____ Data for review
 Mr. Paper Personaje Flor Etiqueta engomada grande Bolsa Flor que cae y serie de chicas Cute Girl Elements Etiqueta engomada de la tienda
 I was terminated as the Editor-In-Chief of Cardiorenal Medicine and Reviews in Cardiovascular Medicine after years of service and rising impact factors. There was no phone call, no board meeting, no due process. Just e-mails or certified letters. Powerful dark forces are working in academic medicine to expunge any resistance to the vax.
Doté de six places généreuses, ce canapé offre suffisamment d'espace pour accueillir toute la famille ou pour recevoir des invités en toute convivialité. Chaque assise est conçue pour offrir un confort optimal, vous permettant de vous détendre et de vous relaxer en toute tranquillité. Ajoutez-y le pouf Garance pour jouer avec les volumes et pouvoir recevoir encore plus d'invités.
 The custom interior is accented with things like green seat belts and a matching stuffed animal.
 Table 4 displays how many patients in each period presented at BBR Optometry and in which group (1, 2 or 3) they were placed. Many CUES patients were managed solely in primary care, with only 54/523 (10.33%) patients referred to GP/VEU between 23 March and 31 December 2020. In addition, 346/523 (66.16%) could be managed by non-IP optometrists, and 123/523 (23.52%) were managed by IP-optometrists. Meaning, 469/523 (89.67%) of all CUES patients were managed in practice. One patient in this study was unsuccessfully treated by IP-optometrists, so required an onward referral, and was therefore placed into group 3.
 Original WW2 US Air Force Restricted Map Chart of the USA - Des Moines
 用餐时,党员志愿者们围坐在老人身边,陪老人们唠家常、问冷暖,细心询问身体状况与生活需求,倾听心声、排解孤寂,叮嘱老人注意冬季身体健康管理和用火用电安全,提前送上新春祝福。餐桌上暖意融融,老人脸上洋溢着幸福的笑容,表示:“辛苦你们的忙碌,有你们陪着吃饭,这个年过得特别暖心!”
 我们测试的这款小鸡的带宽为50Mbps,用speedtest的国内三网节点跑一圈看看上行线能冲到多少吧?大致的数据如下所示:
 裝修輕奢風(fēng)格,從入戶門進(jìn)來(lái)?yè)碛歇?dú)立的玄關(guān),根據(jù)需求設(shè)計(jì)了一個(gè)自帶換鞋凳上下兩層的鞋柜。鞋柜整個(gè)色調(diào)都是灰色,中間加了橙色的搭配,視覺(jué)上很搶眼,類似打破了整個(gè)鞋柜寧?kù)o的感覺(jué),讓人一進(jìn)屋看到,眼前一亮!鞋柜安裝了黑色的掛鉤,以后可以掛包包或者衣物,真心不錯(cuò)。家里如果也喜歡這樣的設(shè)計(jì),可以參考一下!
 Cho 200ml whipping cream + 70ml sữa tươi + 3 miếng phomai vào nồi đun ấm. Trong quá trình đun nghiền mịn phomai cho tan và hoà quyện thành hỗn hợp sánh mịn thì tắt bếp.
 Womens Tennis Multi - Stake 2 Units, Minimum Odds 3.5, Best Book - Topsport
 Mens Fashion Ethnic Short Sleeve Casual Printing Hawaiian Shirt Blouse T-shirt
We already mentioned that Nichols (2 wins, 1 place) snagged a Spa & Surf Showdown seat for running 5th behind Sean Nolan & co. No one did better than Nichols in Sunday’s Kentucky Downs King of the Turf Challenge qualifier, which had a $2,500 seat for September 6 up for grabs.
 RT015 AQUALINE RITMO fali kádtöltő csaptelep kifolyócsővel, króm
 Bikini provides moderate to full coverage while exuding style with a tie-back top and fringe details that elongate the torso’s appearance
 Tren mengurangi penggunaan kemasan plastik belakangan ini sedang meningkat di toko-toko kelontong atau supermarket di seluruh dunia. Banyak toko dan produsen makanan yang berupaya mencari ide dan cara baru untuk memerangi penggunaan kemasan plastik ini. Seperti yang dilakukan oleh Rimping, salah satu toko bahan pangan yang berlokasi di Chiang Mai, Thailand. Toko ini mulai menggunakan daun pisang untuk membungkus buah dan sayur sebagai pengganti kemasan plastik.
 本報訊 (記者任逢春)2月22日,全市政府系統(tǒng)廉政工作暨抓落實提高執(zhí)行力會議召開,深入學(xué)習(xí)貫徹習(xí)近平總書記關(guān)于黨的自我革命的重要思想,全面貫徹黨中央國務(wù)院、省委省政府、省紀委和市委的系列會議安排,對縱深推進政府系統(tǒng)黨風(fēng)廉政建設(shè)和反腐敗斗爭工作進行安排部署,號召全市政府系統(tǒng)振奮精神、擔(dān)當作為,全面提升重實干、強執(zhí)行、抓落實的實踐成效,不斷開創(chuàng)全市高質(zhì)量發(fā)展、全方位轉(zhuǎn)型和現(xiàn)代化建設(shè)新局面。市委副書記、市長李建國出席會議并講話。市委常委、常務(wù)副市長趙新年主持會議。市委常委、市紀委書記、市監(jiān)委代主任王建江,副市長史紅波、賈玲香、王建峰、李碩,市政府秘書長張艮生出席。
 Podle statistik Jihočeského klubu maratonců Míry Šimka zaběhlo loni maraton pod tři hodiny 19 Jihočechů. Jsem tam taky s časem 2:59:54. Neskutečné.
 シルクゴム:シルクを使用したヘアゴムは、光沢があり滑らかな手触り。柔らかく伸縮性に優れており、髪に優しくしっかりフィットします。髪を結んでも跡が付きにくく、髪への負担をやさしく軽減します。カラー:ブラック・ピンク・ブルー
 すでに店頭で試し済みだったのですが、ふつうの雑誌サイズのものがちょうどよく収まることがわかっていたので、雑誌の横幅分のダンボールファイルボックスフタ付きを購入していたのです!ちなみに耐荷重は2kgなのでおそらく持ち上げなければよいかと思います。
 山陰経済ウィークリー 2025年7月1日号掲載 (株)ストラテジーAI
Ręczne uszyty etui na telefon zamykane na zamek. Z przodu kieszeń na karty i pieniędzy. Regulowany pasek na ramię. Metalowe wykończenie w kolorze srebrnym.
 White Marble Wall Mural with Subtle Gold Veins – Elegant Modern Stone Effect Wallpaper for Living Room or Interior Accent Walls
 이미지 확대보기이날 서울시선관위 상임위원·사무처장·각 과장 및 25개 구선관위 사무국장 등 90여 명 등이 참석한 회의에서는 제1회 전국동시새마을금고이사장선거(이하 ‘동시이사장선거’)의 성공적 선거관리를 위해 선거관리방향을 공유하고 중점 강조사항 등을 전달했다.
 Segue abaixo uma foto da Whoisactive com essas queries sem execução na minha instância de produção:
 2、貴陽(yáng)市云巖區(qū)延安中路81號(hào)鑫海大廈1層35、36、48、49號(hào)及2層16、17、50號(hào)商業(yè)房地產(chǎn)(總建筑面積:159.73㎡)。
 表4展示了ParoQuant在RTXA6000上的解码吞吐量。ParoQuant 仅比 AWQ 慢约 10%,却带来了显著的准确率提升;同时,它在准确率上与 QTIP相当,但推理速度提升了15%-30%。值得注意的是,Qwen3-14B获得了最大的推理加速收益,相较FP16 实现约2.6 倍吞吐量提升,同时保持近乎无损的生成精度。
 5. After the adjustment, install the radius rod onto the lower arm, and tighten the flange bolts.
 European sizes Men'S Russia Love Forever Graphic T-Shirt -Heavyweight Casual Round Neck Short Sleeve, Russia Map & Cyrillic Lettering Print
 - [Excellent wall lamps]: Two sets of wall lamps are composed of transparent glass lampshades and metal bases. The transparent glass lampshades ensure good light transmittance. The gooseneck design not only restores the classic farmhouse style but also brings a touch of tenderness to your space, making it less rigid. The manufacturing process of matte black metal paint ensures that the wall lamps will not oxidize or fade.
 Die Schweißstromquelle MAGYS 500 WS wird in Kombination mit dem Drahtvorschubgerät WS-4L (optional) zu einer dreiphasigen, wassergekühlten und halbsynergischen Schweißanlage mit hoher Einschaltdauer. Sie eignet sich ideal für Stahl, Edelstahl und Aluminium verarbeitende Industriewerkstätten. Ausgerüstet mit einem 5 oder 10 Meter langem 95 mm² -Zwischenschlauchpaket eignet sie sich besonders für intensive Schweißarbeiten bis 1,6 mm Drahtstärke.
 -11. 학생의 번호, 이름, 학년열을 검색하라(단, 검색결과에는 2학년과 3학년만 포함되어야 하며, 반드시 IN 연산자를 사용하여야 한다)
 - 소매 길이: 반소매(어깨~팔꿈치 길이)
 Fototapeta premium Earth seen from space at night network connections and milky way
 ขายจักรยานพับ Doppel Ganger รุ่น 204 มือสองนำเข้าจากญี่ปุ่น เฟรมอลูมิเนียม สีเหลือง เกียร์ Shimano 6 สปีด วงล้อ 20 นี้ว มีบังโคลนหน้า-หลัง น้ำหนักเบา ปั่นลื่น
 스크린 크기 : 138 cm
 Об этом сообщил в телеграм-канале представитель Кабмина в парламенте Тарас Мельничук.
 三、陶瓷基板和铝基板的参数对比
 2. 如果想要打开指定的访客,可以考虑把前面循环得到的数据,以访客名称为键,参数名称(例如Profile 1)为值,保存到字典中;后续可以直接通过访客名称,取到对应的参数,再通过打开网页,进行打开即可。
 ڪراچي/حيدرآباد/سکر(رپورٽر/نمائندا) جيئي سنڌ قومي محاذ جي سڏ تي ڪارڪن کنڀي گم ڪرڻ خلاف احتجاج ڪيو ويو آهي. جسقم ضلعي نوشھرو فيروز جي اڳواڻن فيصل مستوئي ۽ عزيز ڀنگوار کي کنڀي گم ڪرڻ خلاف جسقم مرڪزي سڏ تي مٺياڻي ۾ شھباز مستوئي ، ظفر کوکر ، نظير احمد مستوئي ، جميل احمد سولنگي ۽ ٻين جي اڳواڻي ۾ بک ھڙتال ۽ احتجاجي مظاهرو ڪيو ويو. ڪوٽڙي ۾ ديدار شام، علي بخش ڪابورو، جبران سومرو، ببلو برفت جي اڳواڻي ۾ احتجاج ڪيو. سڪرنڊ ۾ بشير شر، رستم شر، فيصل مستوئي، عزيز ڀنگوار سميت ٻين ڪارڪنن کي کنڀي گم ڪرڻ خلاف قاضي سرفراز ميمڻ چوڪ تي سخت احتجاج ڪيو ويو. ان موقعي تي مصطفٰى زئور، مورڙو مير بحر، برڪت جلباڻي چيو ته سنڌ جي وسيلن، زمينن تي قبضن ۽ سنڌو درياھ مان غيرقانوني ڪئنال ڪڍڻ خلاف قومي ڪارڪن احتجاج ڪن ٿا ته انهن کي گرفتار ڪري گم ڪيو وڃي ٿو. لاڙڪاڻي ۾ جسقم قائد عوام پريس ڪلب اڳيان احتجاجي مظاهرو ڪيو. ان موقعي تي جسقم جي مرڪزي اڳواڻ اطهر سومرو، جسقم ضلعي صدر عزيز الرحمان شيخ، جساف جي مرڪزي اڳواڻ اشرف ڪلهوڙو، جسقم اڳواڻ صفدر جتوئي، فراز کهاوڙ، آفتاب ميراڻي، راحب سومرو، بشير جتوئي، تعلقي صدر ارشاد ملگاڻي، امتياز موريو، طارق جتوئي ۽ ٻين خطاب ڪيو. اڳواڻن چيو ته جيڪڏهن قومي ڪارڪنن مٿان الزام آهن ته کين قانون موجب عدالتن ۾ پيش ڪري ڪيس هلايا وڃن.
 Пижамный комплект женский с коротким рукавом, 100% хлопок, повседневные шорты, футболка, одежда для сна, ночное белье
________
Activity - Lines with the word "Shirt": copy each one from the data above.

Solution below -
 Mens Fashion Ethnic Short Sleeve Casual Printing Hawaiian Shirt Blouse T-shirt
 European sizes Men'S Russia Love Forever Graphic T-Shirt -Heavyweight Casual Round Neck Short Sleeve, Russia Map & Cyrillic Lettering Print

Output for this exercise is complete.